Testing applications is very important, but must be creatively exercised — perhaps we can follow the wearied expression of testing being more of an art than a science? Even packages like hypothesis still require some creative initialisation. What exactly should I test? How do I test that, and only that? Perhaps there are tests that should eventually pass, but don’t know (and you won’t be able to get around to them), or some in which the actual expected outcome is unclear. These latter two cases come up in my work quite a bit.
I rely heavily on pytest
to guarantee consistency and guard against breaking changes in various rule-based NLP applications.

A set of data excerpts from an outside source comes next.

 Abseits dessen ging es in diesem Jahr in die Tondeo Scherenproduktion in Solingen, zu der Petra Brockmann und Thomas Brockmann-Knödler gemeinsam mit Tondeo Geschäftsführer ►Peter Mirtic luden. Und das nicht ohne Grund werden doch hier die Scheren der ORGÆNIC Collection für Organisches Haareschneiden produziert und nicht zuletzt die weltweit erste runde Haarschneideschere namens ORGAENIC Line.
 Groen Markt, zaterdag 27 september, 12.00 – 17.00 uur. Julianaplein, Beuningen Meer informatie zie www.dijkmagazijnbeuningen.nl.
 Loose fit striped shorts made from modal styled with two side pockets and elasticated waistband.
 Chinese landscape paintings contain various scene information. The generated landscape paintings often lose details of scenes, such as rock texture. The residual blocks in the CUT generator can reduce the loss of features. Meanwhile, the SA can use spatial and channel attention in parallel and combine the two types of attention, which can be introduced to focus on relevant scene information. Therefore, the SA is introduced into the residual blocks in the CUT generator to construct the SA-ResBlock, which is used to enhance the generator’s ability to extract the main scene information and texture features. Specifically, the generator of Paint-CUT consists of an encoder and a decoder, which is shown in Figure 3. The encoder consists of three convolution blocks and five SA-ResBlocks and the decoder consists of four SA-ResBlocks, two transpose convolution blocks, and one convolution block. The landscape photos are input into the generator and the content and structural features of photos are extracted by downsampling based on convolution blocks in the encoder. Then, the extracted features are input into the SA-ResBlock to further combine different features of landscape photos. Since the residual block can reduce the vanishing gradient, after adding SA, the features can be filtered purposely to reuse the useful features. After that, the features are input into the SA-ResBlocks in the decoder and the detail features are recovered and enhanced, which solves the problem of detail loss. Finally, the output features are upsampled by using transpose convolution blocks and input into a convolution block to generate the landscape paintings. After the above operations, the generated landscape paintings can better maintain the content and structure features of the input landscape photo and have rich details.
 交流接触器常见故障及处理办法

The development process will often follow the steps of:
- Collect sample text of target outcome from training data.
- Create tests with the sample texts.
- Develop algorithm until all tests pass.

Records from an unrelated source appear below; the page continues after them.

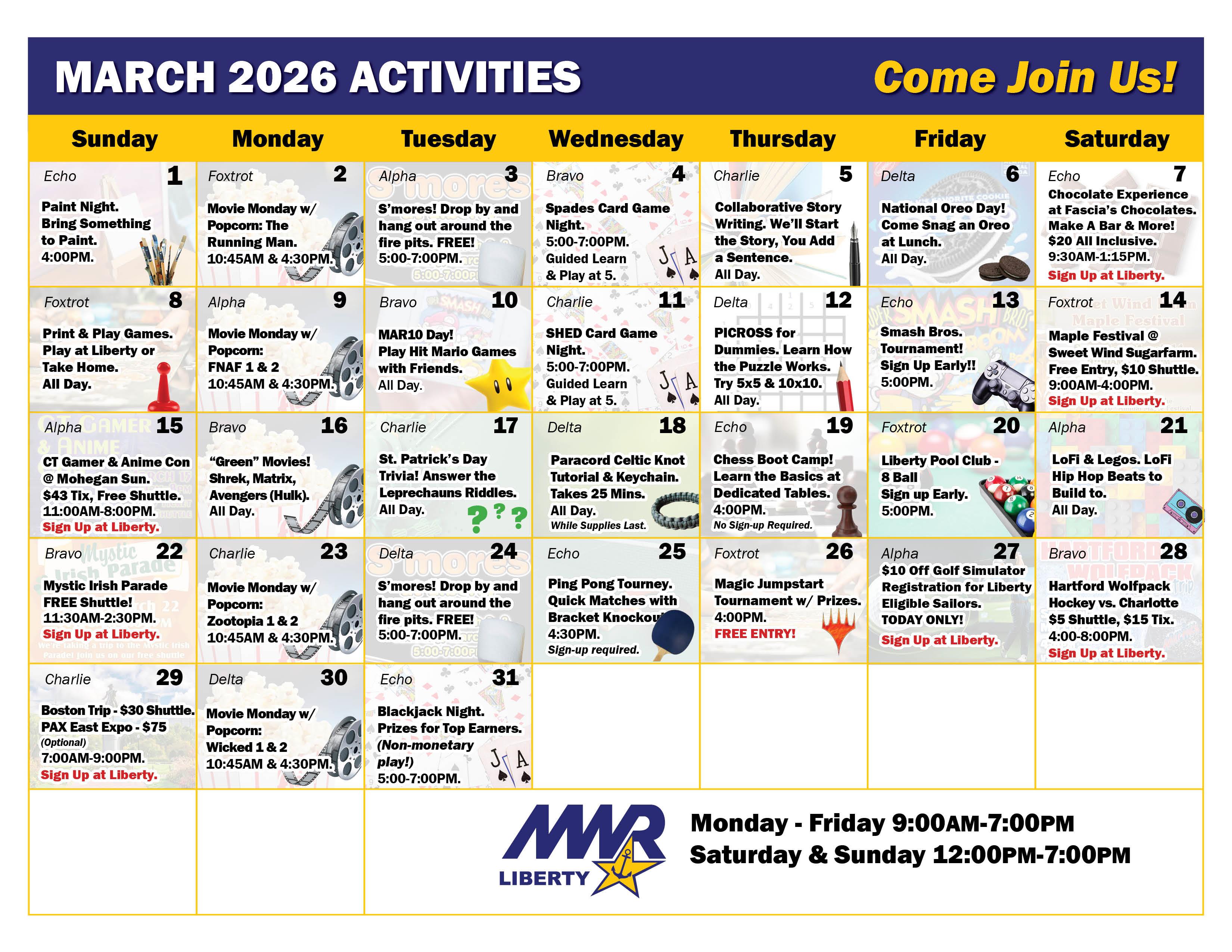 The Liberty Center provides high-energy quality of life programs to the 18 to 25 year old single sailor and unaccompanied sailor population living at SUBASE. The program offers superior entertainment experiences and development of personal leisure skills. Leading to extraordinary and unique opportunities for the sailor to enjoy the activity or adventure in an alcohol and tobacco-free environment.
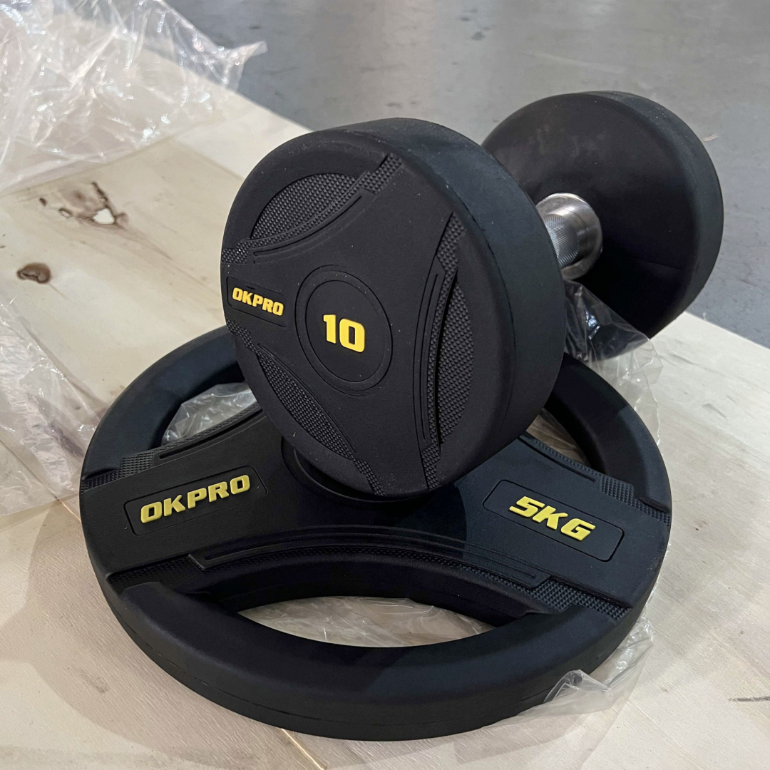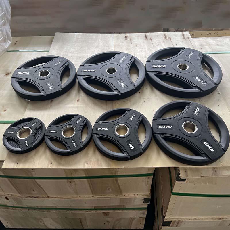 OKPRO Factory direct premium rubber weight plates: precision weight, eco-friendly rubber, and custom colors/logos for commercial gyms.
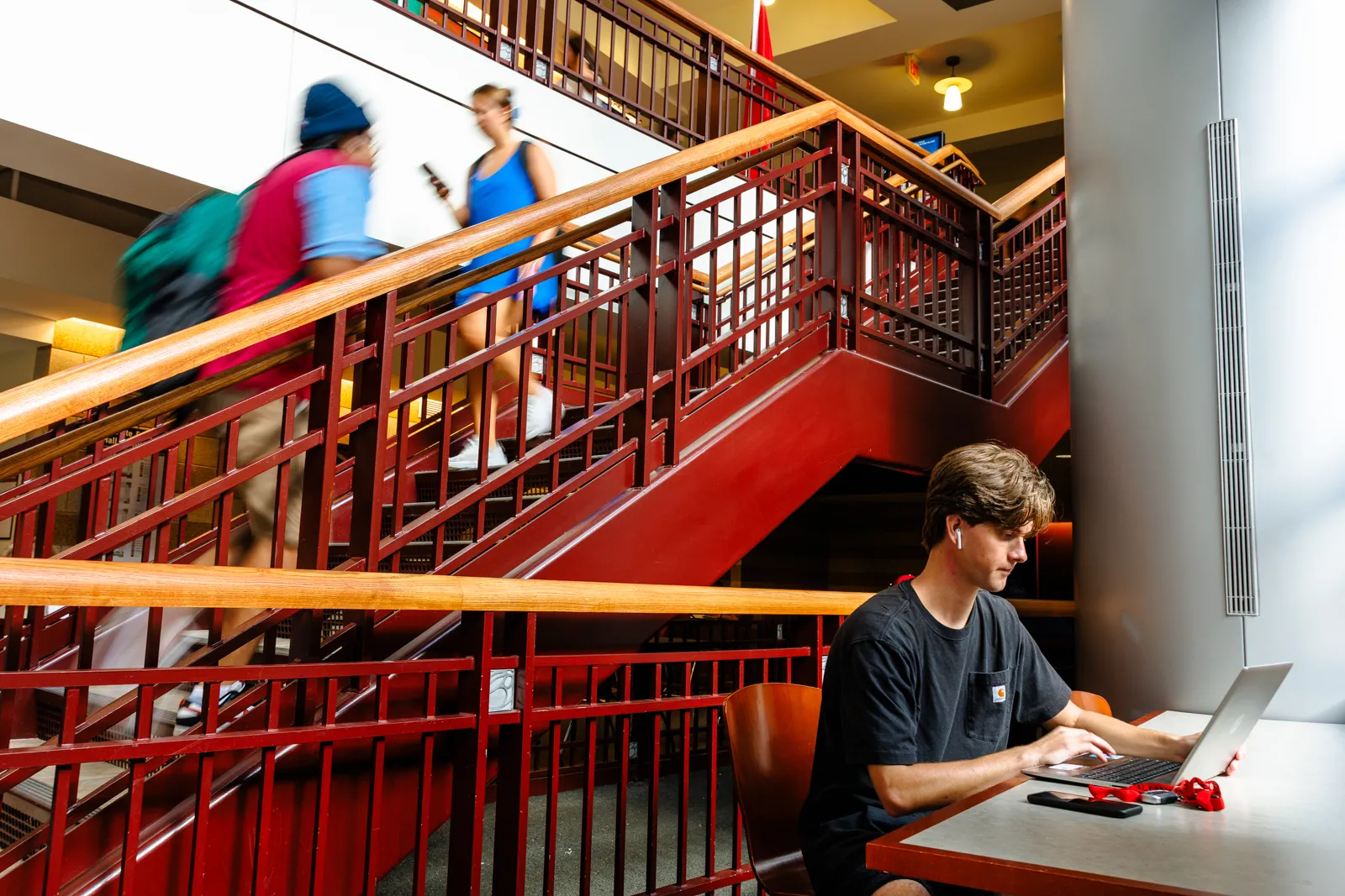 A student studies in the lower lobby of the College of Business while other students walk up and down the stairs to their first day of classes.
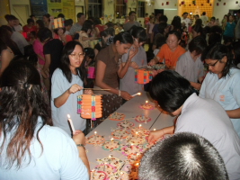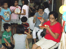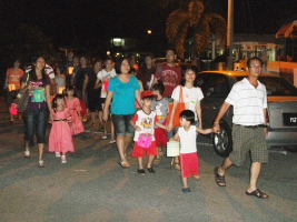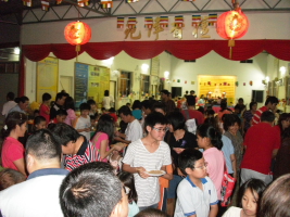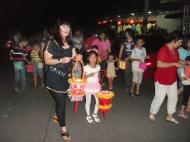 双溪大年檀香净苑于2011年9月9日晚上7点30分举行《中秋团圆共修会》。 约7点正佛堂大门已开始涌现人潮;有些小孩提着灯笼,大人捧着食物,一家大小笑脸盈盈来到檀香净苑 庆中秋。
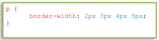 border-width – it specifies the width of an element border. The value of this property can be set in using length (px, pt or cm) or set to thin, medium or thick. Each side of the border can also have different widths. If there is only one value for the width, it means all sides of the border will have that width value. However, if there will be two values, the first value corresponds to the top and bottom while the second value corresponds to the left and right. If 4 values are given, each value corresponds to top, right, bottom and left side of the border, respectively.

- While reviewing additional sample texts, continue adding breaking changes to the test suite.
I typical test might look something like this:
import pytest @pytest.mark.parametrize(('text', 'exp'), [ ('Example text.', 1), ('Negative example.', 0), # ('Ambiguous example.', 1), # unclear what this should be # ('A really difficult case that I cannot handle.', 0), ]) def test_something(text, exp): assert algorithm(text) == exp
In the above example, I have commented out two lines due for two different reasons: one for its ambiguity (i.e., the project has not yet defined how the algorithm should extract this case) and the other for its complexity. I don’t want to get rid of these nor lose them on some page of documentation that lives elsewhere. At the same time, I don’t want to constantly see these as errors and spend time trying to determine which are the ones that I want to handle later. The commenting-out solution, however, is also a very poor solution.

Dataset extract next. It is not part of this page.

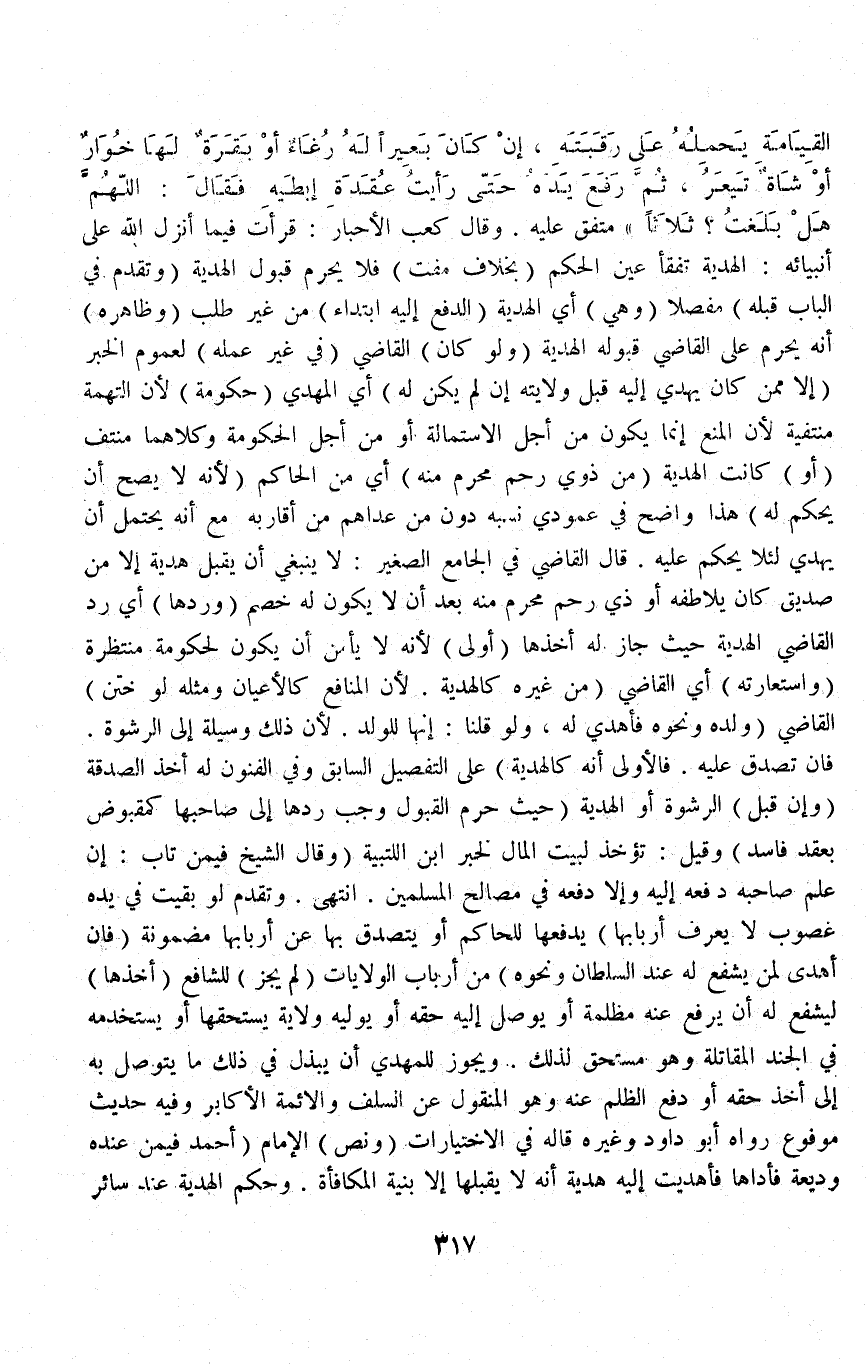 الْقِيَامَةِ يَحْمِلُهُ عَلَى رَقَبَتِهِ، إنْ كَانَ بَعِيرًا لَهُ رُغَاءٌ أَوْ بَقَرَةٌ لَهَا خُوَارٌ أَوْ شَاةٌ تَيْعَرُ، ثُمَّ رَفَعَ يَدَهُ حَتَّى رُئِيَتْ عُقْدَةُ إبِطَيْهِ فَقَالَ: اللَّهُمَّ هَلْ بَلَّغْتُ؟ ثَلَاثًا» مُتَّفَقٌ عَلَيْهِ.
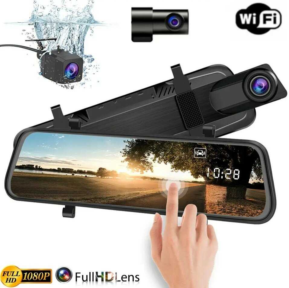 Автомобильный видеорегистратор в виде зеркала заднего вида с 3 камерами / Cенсорный IPS экран с разрешением видеозаписи Full HD 1080P / G-sensor / WDR — 43 отзывов, плюсы и минусы

I have not spent much time absorbing pytest’s documentation — I finally absorbed what fixtures are, but still can’t figure out many good applications within the NLP space — but I skimmed Brian Okken’s new pytest book and ran into the function (among others) pytest.param
. This function allows me to individually annotate any of the parameters groups that are being passed to the test_something
function.
For example, I can mark an individual example as xfail
(expected to fail) or skip
(to skip), and the test will still be reported in the pytest output as ‘expected fail’ or ‘skipped’. Further, these allow the inclusion of a ‘reason’ argument that will explain why this example was skipped.
Modifying the example above:
import pytest @pytest.mark.parametrize(('text', 'exp'), [ ('Example text.', 1), ('Negative example.', 0), pytest.param('Ambiguous example.', 1, marks=pytest.mark.skip(reason='unclear what this should be')), pytest.param('A really difficult case that I cannot handle.', 0, marks=pytest.mark.xfail(reason='difficult: see issue 162')), ]) def test_something(text, exp): assert algorithm(text) == exp
These two cases will still be reported — useful reminders of things that still need to be resolved — but will not cause my tests to fail.